Danelectro Bass Guitar
Eddie recalled: “I used a Dan Electric which had a peculiar sound but I could very near take anybody else’s guitar and get that sound. It’s the way you grip and hit, and I only played downstrokes. Nobody else did that.”
Frets
“See, the only thing changes the tone of a guitar is the frets at the end. I think if you take a note and push down and hold it, you’d change it, but once you strike it, that’s it. Electric guitar sure took off, changed history, brought in Rock ’n’ Roll. Now they build it in the foot pedal, just touch it and go. I used a real electric guitar on The Kansas City Six in “I Want A Little Girl”.9
The Swingin’ the Blues biography book series documents Eddie’s known travels and tenures in detailed segments by decade. Eddie’s Manager in his last decade of life kept a diary and pictorial collection of The Harlem Blues and Jazz Band’s travels.

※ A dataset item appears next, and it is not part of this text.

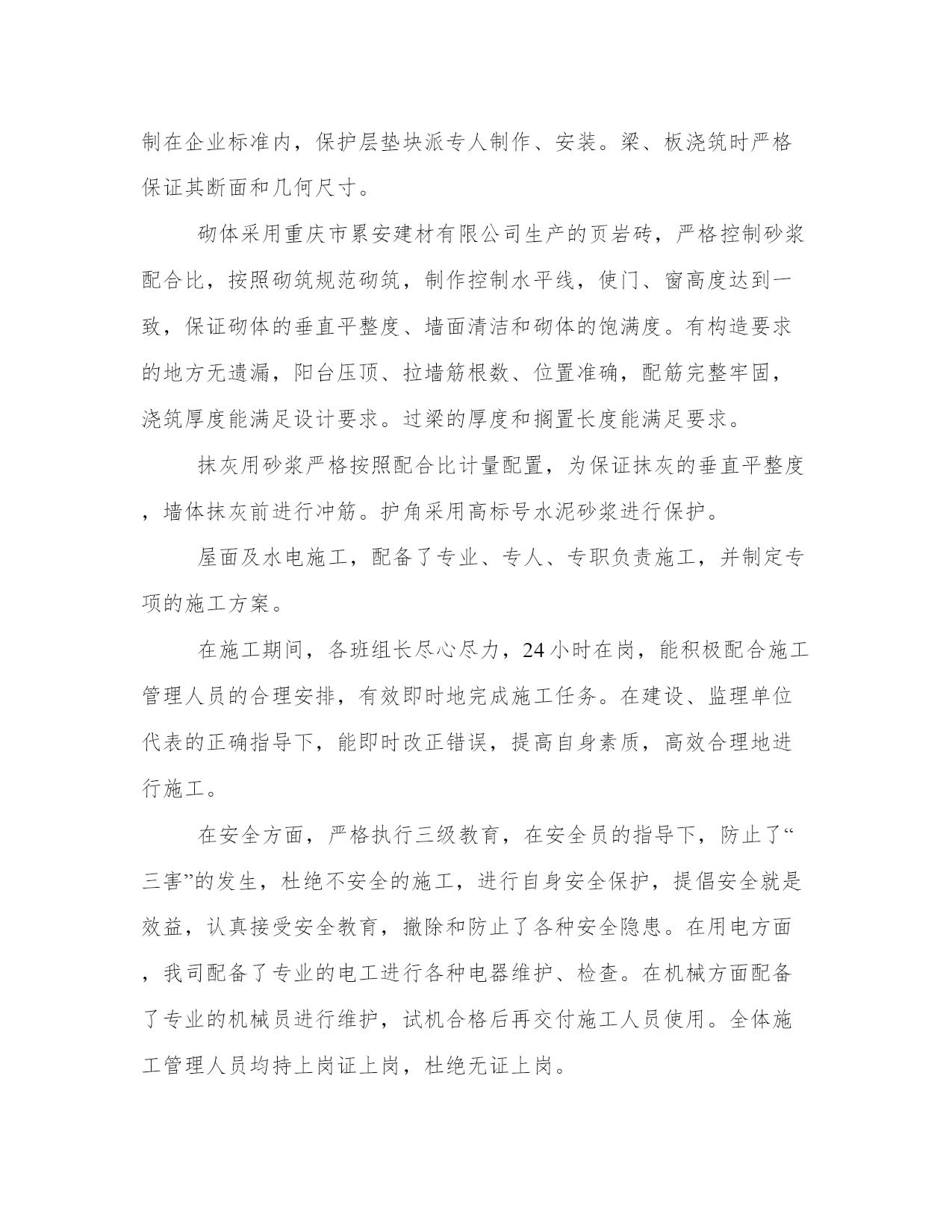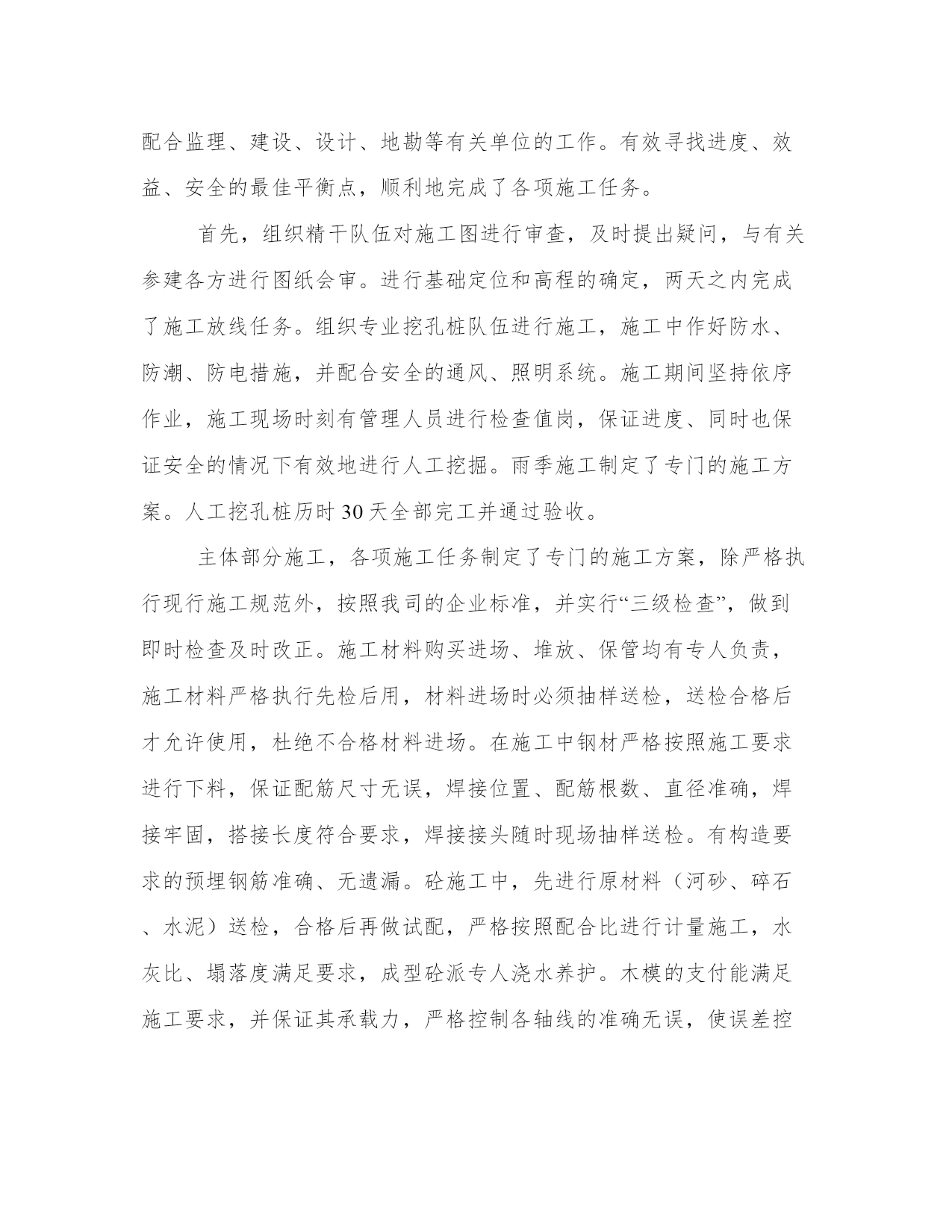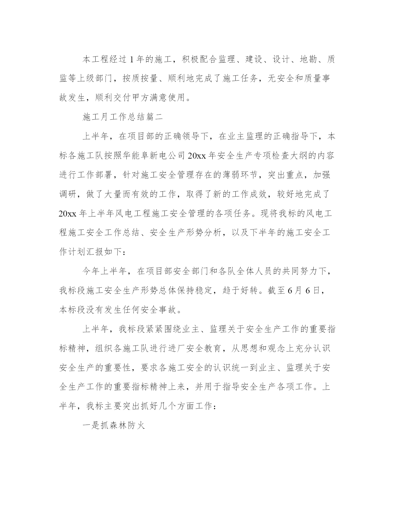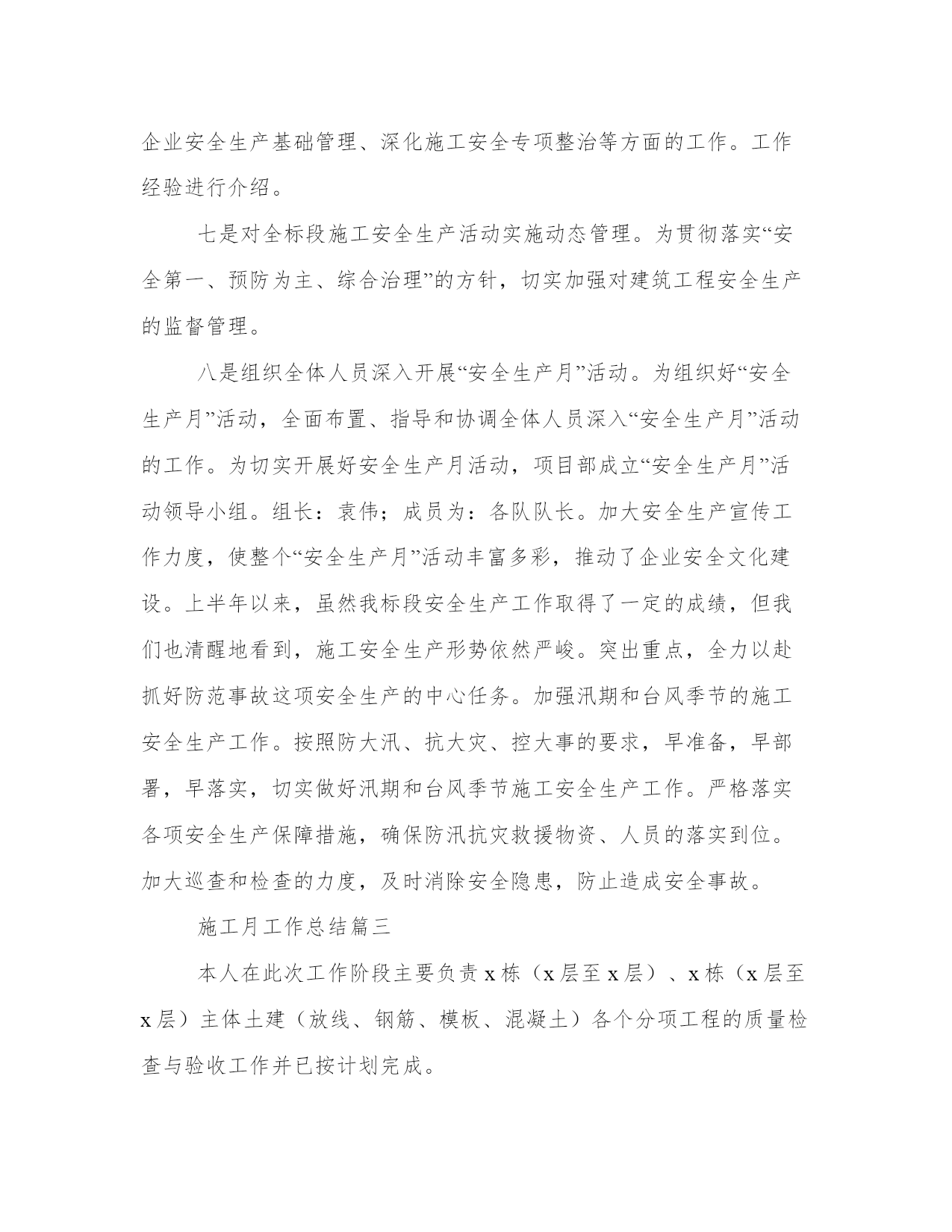 最新施工月工作总结施工工作总结(汇总16篇)总结不仅仅是总结成绩,更重要的是为了分析经验,发现做好工作的规律,也可以找出工作失误的教训。这些经验教训是非常宝贵的,对工作有很好的借鉴与指导作用,在今后工作中可以改进提高,趋利避害,避免失误。总结怎么写才能发挥它最大的作用呢?下面是小编整理的个人今后的总结范文,欢迎阅读分享,希望对大家有所帮助。施工月工作总结篇一我司承建的海怡天城工程,位于涪陵区稻香居委四组。海怡天城工程,位于涪陵区稻香居委四组。工程共分为a、b、c栋。总建筑面积33655.24㎡。建筑层数a栋24层、b栋为25层、c栋为4层,建筑高度a栋为76.2米、b栋为79.8米、c区为17.7米,结构形式为框架剪力墙结构,抗震烈度为6度,场地土类别为2类,抗震等级为二级,安全等级为i级,建筑物设计合理使用年限为xx年。该工程能满意地交给甲方使用,现对工程工作总结如下:能及时组织施工管理人员和精干的施工队伍,在项目经理雷玉全和技术负责人丁学军、周贵权的带领下,全体工作人员在职在岗、能胜任此项工程的管理工作,顺利完成各项施工任务,我项目部全体员工坚持“安全在心中,质量在手中”的施工理念,严格按照建筑工程有关规范,积极配合监理、建设、设计、地勘等有关单位的工作。有效寻找进度、效益、安全的最佳平衡点,顺利地完成了各项施工任务。首先,组织精干队伍对施工图进行审查,及时提出疑问,与有关参建各方进行图纸会审。进行基础定位和高程的确定,两天之内完成了施工放线任务。组织专业挖孔桩队伍进行施工,施工中作好防水、防潮、防电措施,并配合安全的通风、照明系统。施工期间坚持依序作业,施工现场时刻有管理人员进行检查值岗,保证进度、同时也保证安全的情况下有效地进行人工挖掘。雨季施工制定了专门的施工方案。人工挖孔桩历时30天全部完工并通过验收。主体部分施工,各项施工任务制定了专门的施工方案,除严格执行现行施工规范外,按照我司的企业标准,并实行“三级检查”,做到即时检查及时改正。施工材料购买进场、堆放、保管均有专人负责,施工材料严格执行先检后用,材料进场时必须抽样送检,送检合格后才允许使用,杜绝不合格材料进场。在施工中钢材严格按照施工要求进行下料,保证配筋尺寸无误,焊接位置、配筋根数、直径准确,焊接牢固,搭接长度符合要求,焊接接头随时现场抽样送检。有构造要求的预埋钢筋准确、无遗漏。砼施工中,先进行原材料(河砂、碎石、水泥)送检,合格后再做试配,严格按照配合比进行计量施工,水灰比、塌落度满足要求,成型砼派专人浇水养护。木模的支付能满足施工要求,并保证其承载力,严格控制各轴线的准确无误,使误差控制在企业标准内,保护层垫块派专人制作、安装。梁、板浇筑时严格保证其断面和几何尺寸。砌体采用重庆市累安建材有限公司生产的页岩砖,严格控制砂浆配合比,按照砌筑规范砌筑,制作控制水平线,使门、窗高度达到一致,保证砌体的垂直平整度、墙面清洁和砌体的饱满度。有构造要求的地方无遗漏,阳台压顶、拉墙筋根数、位置准确,配筋完整牢固,浇筑厚度能满足设计要求。过梁的厚度和搁置长度能满足要求。抹灰用砂浆严格按照配合比计量配置,为保证抹灰的垂直平整度,墙体抹灰前进行冲筋。护角采用高标号水泥砂浆进行保护。屋面及水电施工,配备了专业、专人、专职负责施工,并制定专项的施工方案。在施工期间,各班组长尽心尽力,24小时在岗,能积极配合施工管理人员的合理安排,有效即时地完成施工任务。在建设、监理单位代表的正确指导下,能即时改正错误,提高自身素质,高效合理地进行施工。在安全方面,严格执行三级教育,在安全员的指导下,防止了“三害”的发生,杜绝不安全的施工,进行自身安全保护,提倡安全就是效益,认真接受安全教育,撤除和防止了各种安全隐患。在用电方面,我司配备了专业的电工进行各种电器维护、检查。在机械方面配备了专业的机械员进行维护,试机合格后再交付施工人员使用。全体施工管理人员均持上岗证上岗,杜绝无证上岗。本工程经过1年的施工,积极配合监理、建设、设计、地勘、质监等上级部门,按质按量、顺利地完成了施工任务,无安全和质量事故发生,顺利交付甲方满意使用。施工月工作总结篇二上半年,在项目部的正确领导下,在业主监理的正确指导下,本标各施工队按照华能阜新电公司20xx年安全生产专项检查大纲的内容进行工作部署,针对施工安全管理存在的薄弱环节,突出重点,加强调研,做了大量而有效的工作,取得了新的工作成效,较好地完成了20xx年上半年风电工程施工安全管理的各项任务。现将我标的风电工程施工安全工作总结、安全生产形势分析,以及下半年的施工安全工作计划汇报如下:今年上半年,在项目部安全部门和各队全体人员的共同努力下,我标段施工安全生产形势总体保持稳定,趋于好转。截至6月6日,本标段没有发生任何安全事故。上

Decades after his death, Eddie is acknowledged as the person who created an idiom by penning the seminal Swing-music charts, pioneered acoustic and electric guitar and single-line solos, and introduced a non-pressure technique on trombone. He was also one of the first to tour with all-girl orchestras as a musical director, and sponsored many women into Unions so they could continue with a music career after the war. His support for women in the music industry is a testament to his progressive and inclusive approach, and is deeply appreciated by music enthusiasts and historians.
A first-ever Durham-family Discography (25 pages) debuted at the end of the first volume, The Virtuosity of Eddie Durham, which was nominated for the Association for Recorded Sound Collection Award.